For a very long time, Canopy Growth Corp. (TSX:WEED) has been the top dog in Canada’s burgeoning marijuana industry.
But thanks to recent moves by emerging competition, is that still a safe assumption to hold?
Canopy Growth was one of Canada’s first licensed medical marijuana producers and one of the first companies to come to the market with an initial public offering (IPO) around the time that speculation began that soon-to-be-elected prime minister Justin Trudeau would be making a push to legalize cannabis use for recreational purposes.
Thanks to some pretty emphatic enthusiasm from both cannabis supporters as well as capitalists looking to profit from a newly minted industry, Canopy Growth saw the value of its share price and company absolutely soar from under $2 in 2015 to at one point noth of the $40 mark earlier this year.
As the company gained prominence as the pre-eminent marijuana producer in Canada, momentum would continue to take hold, as management asserted that it planned to follow an aggressive plan for expansion that would see the company sacrifice short-term profitability and cash flow in exchange for market share and grabbing a bigger share of the proverbial marijuana pie.
It’s a strategy that makes obvious sense, as the marijuana market in Canada alone is expected to surpass $6 billion annually by early next decade, not to mention what are potentially even larger opportunities in international markets, like Germany, Australia, Italy, Chile, and maybe even the United States.
Viewed in that light, it becomes pretty easy to understand how taking a loss in the first couple of years of marijuana legalization in Canada might prove to be pretty insignificant in five or even 10 years from now if aggressive investments in marketing, research and development, and mergers and acquisitions were to pay off for companies like Canopy Growth.
But make no mistake—there are a bevy of licensed medical marijuana producers in the market already today that would also like to pursue a similar route to riches; it just so happens that owing to Canopy’s sheer size, already boasting a market capitalization of $6.4 billion, the company is in an enviable position to be able to take advantage of its access to the capital markets.
A few months ago, it seemed like a sure thing that Canopy would be as good a bet as any to emerge as the leader within the Canadian market.
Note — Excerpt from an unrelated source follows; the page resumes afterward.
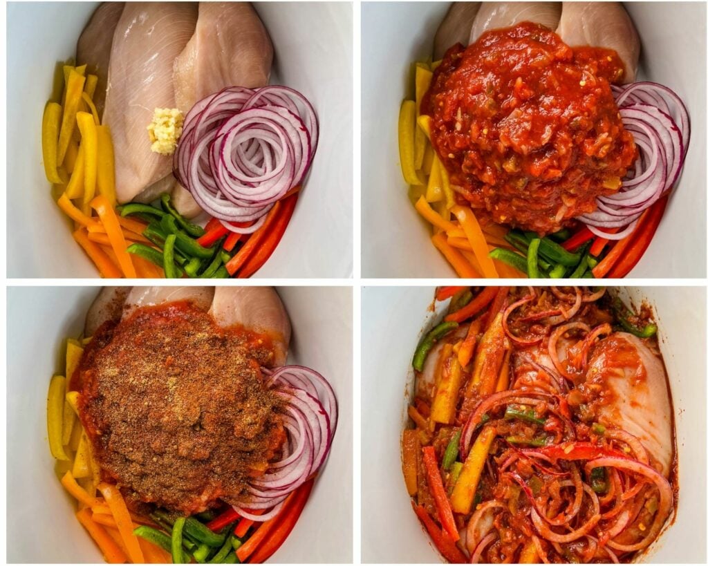 - Add chicken breasts, salsa, peppers, garlic, onions, and fajita seasoning to the slow cooker.

That was until one of the company’s competitors, and today the second-largest publicly traded marijuana producer, Aurora Cannabis Inc. (TSX:ACB), started making some pretty aggressive moves of its own.
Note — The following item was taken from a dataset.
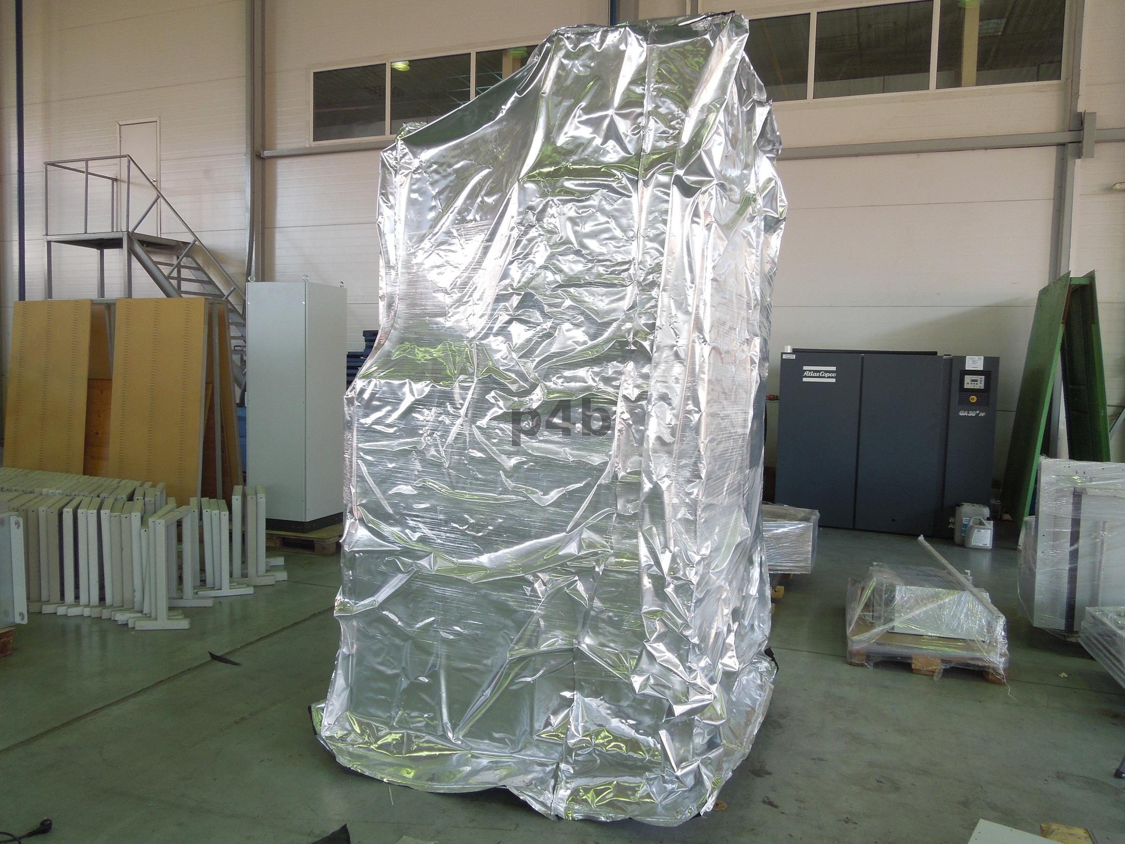 В основе: пленка среднего и низкого давления с алюминиевой прослойкой толщиной 7-9 микрон и лавсаном.Упаковка защищает оборудование, технику от любых воздействий внешней среды и перепадов температуры.

It began with Aurora’s announcement of the build of a world class, state-of-the-art grow facility in Edmonton, located conveniently close to the city’s international airport.
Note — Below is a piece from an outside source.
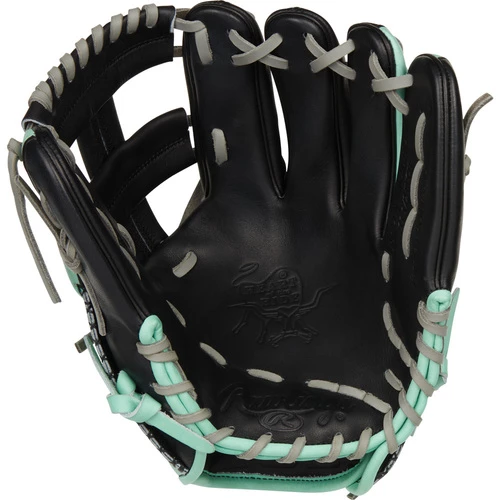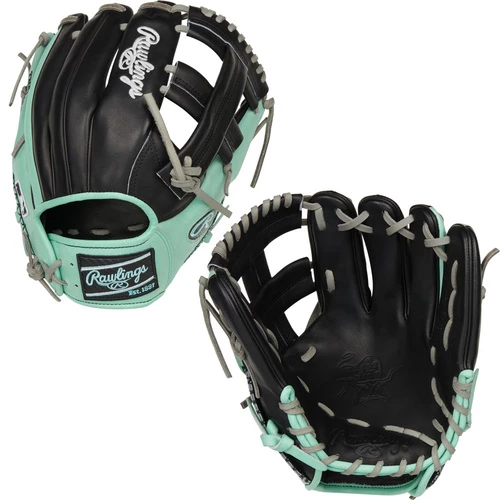 Make tough plays look routine in the all-new Rawlings ColorSync 5.0 Heart of the Hide 11.5” Infield Baseball Glove. This stylish Mint and Black 11.5” infield glove was meticulously handcrafted with ultra-premium steer-hide leather that delivers superior quality and performance on the field. Featuring a Single-Post Web that allows dirt to easily escape for flawless transfers, this limited edition Rawlings ColorSync 5.0 11.5″ infield glove is constructed in Rawlings NP-Pattern. Famous for its narrow, medium pocket that allows for lightning-fast ball-to-hand transfers. The semi-rare hand-sewn welting along the pinky and thumb provides a distinct look while creating a smoother surface inside the glove. The palm lining is designed with ultra-soft Deer Tanned Cowhide leather that delivers a soft feel against the palm of your hand. The Thermoformed wrist liner and padded thumb sleeve offer added comfort and stability. Make minty fresh plays in the all-new Rawlings ColorSync 5.0 Heart of the Hide 11.5” Infield Baseball Glove available at Bases Loaded: The Baseball and Softball Superstore.

That was followed by the company’s acquisition of CanniMed in a multi-billion-dollar deal approved earlier this year; this week Aurora announced a proposed buyout of MedReleaf Corp. (TSX:LEAF) for $3.2 billion. Those moves, in addition to a 25% stake in the former Liquor Stores NA, were designed to take care of distributing product.
It’s clear that management at Aurora is making a big push with legalization less than a few months away to give Canopy Growth a run for its money.
Aurora seems to be approaching this with a very business-like attitude, essentially paying up front to secure production, distribution, and, more recently, product.
It will be interesting to see if Aurora’s moves to “pay for play” will indeed end up paying off or not, or whether Canopy’s relatively more organic approach to market expansion will turn out to be the superior strategy.